As recently as 2020, pay transparency laws existed in a handful of jurisdictions and were largely treated as aspirational policy. Today they are operational compliance requirements in more than a dozen states, covering an estimated 60 million workers — roughly 40% of the private sector workforce. The pace of adoption has accelerated dramatically, with six new state laws taking effect between January and December 2025 alone.

For federal contractors, the compliance surface is unusually large. A contractor posting an open position on USAJobs, LinkedIn, or its own careers page is posting nationally by default. A single job listing that doesn't include a salary range may simultaneously violate requirements in California, New York, Illinois, Colorado, Washington, and several other states — before a single application has been received.

14+
States with active pay transparency laws
60M+
Workers covered nationally
6
New state laws took effect in 2025

What the Laws Actually Require

Most pay transparency laws require employers to disclose a wage or salary range in job postings — either proactively in the listing or upon request from an applicant. Several also require disclosure of benefits or general compensation structure. The specifics vary considerably by state, and those variations create real compliance complexity for employers drafting a single posting intended for national distribution.

The most important distinction is between "upon request" disclosure requirements and mandatory posting requirements. In states like California and Colorado, the salary range must appear in the job posting itself. In some earlier-adopting states, disclosure is triggered only when an applicant asks. A posting that doesn't include a range may be compliant in one jurisdiction and non-compliant in another.

The 2025 Wave — Laws Now In Effect

Jan 1, 2025
Illinois

Employers with 15+ employees must include pay scale and benefits description in job postings. Also requires employers to announce internal promotion opportunities to all employees.

Jan 1, 2025
Minnesota

Employers with 30+ employees must include salary ranges and benefits descriptions in all job postings, including internal promotions.

June 1, 2025
New Jersey

Requires a good faith salary range and general benefits description in all job postings for employers of any size (with some exceptions for very small employers).

July 1, 2025
Vermont

Employers with 5 or more employees must include compensation ranges in job postings — the lowest employee-count threshold of any state law nationally.

Oct 29, 2025
Massachusetts

Employers with 25 or more employees must disclose pay ranges in job postings and upon employee request for their current position.

Jan 1, 2026
California (SB 642)

Clarifies that "pay scale" means an estimate of the expected wage range an employer reasonably expects to pay for the position upon hire, tightening how California employers must frame salary disclosures.

The Remote Role Problem

The most significant compliance trap for federal contractors is the remote role. If a position can be performed from anywhere — a common scenario in IT, program management, analysis, and back-office functions — the job posting is effectively visible and applicable to candidates in every pay transparency jurisdiction simultaneously.

If a remote role could be filled by someone in California, Colorado, or New York, the disclosure requirements for those states apply to the posting — even if the employer is headquartered in a state with no transparency law.

Enforcement agencies in California and Colorado have both indicated that remote-eligible roles trigger their state disclosure requirements regardless of where the employer is incorporated or headquartered. Several large employers have learned this through enforcement actions rather than proactive compliance reviews.

The staffing agency exception that isn't

Some contractors assume that if a staffing agency posts and manages the role, the transparency obligation transfers to the agency.
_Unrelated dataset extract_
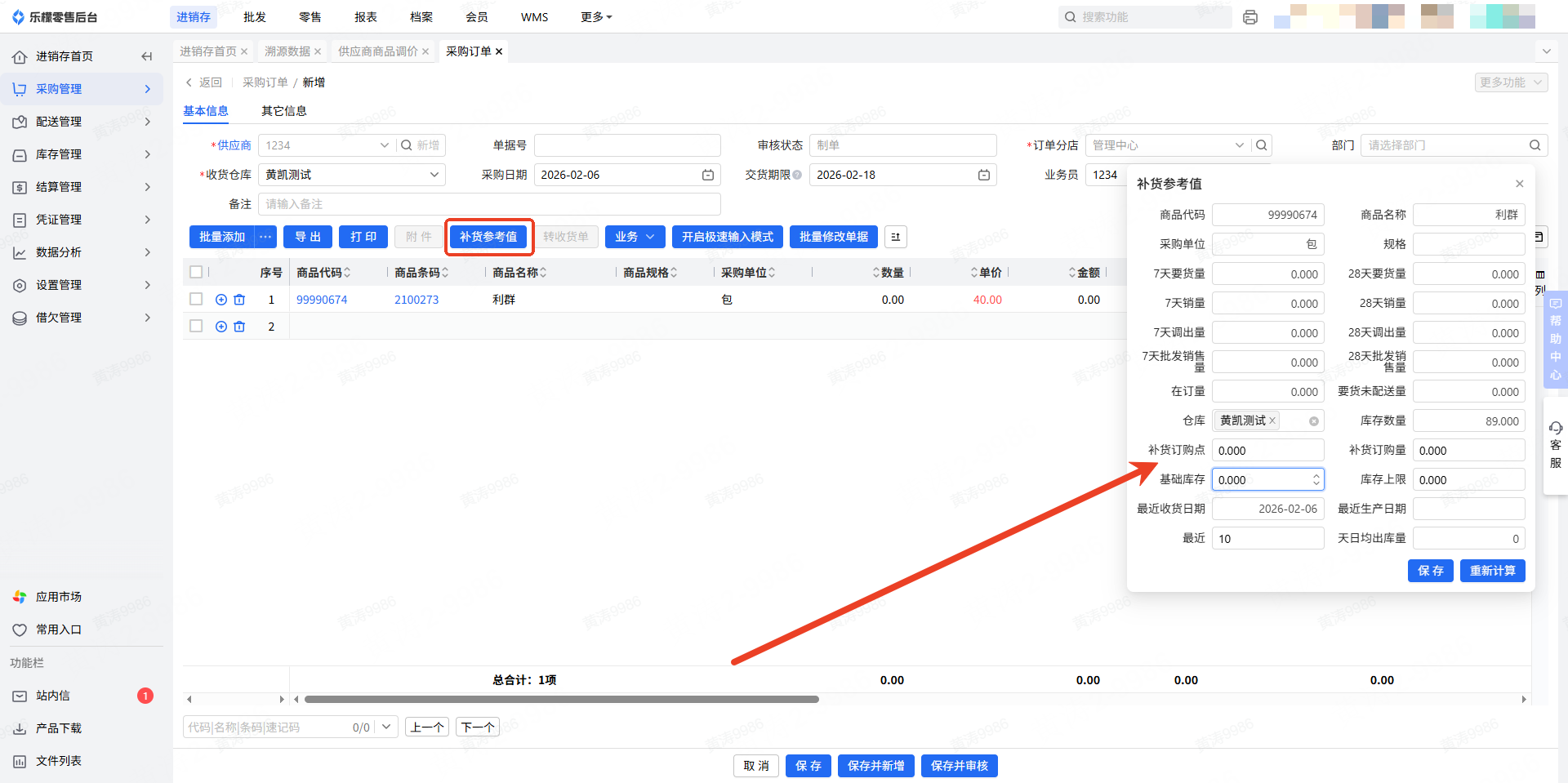 (6)补货参考值:是用于辅助采购人员判断采购量。采购在做订单的时候都会看补货参考值,如果是新品没有设置补货订购点,补货订购量,还需要再到补货参考值里去找这些品去设置,比较麻烦,所以在采购订单中可以维护这些信息。

It doesn't. Most state laws make clear that the employer of record — or the entity setting compensation — retains the compliance obligation, regardless of how the posting is generated or who negotiates pay on their behalf. If your compensation range is what governs the hire, your obligation to disclose it is yours.
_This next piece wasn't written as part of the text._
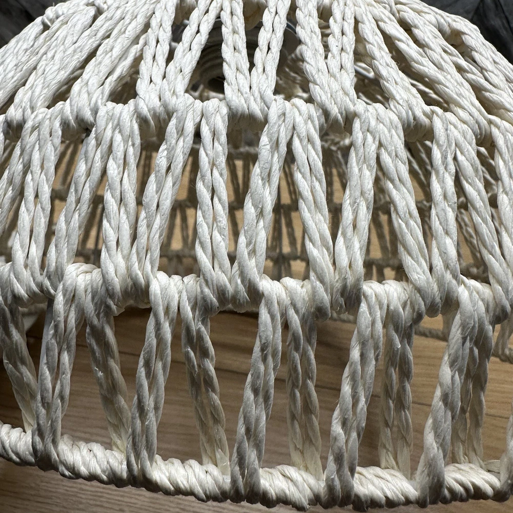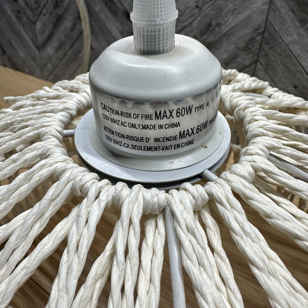 Cream Rope Woven Boho Pendant Light,Rattan Wicker Hanging Ceiling Light Fixture

What Happened to the Federal Standard?

Prior to 2025, federal contractors were subject to a Pay Transparency Nondiscrimination Provision requiring them not to discipline employees for discussing their own compensation. Executive Order 14173, signed January 21, 2025, rescinded that provision along with several other executive orders establishing obligations for federal contractors.

The rescission reduces the federal compliance floor for contractors, but it has no effect on state-level requirements, which were independently enacted and independently enforceable. Contractors who had implemented pay transparency policies in response to the prior federal standard may actually find themselves ahead of where they need to be — but only if those policies extend to the states where they recruit.
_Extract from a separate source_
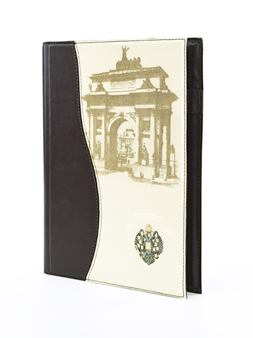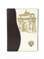 Большой ежедневник формата А5 «Триумф» выполнен вручную из телячьей кожи и украшен серебряным гербом высокой степени проработки. Съемный блок напечатан на качественной мелованной бумаге и украшен трехсторонним золотым обрезом. Может комплектоваться серебряной ручкой, для которой в обложку вшита петля.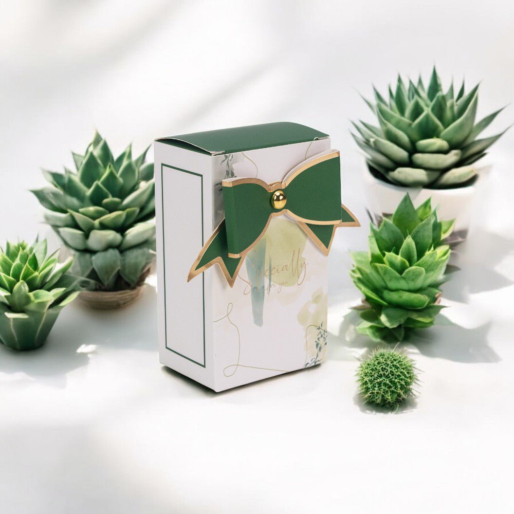 • Funda decorativă: Fundița verde adaugă o notă de rafinament și personalizare, transformând cutia într-un ambalaj deosebit

Getting to a Defensible Posture

The practical challenge for most contractors isn't understanding that pay transparency laws exist — it's building a process for maintaining compliance as both the law and the workforce change. The most common gaps are:

The enforcement environment is still developing, but the trend is toward stricter standards and broader geographic reach. Contractors who treat pay transparency as a posting checkbox rather than a compensation infrastructure question are likely to find the gap widening as more states come online.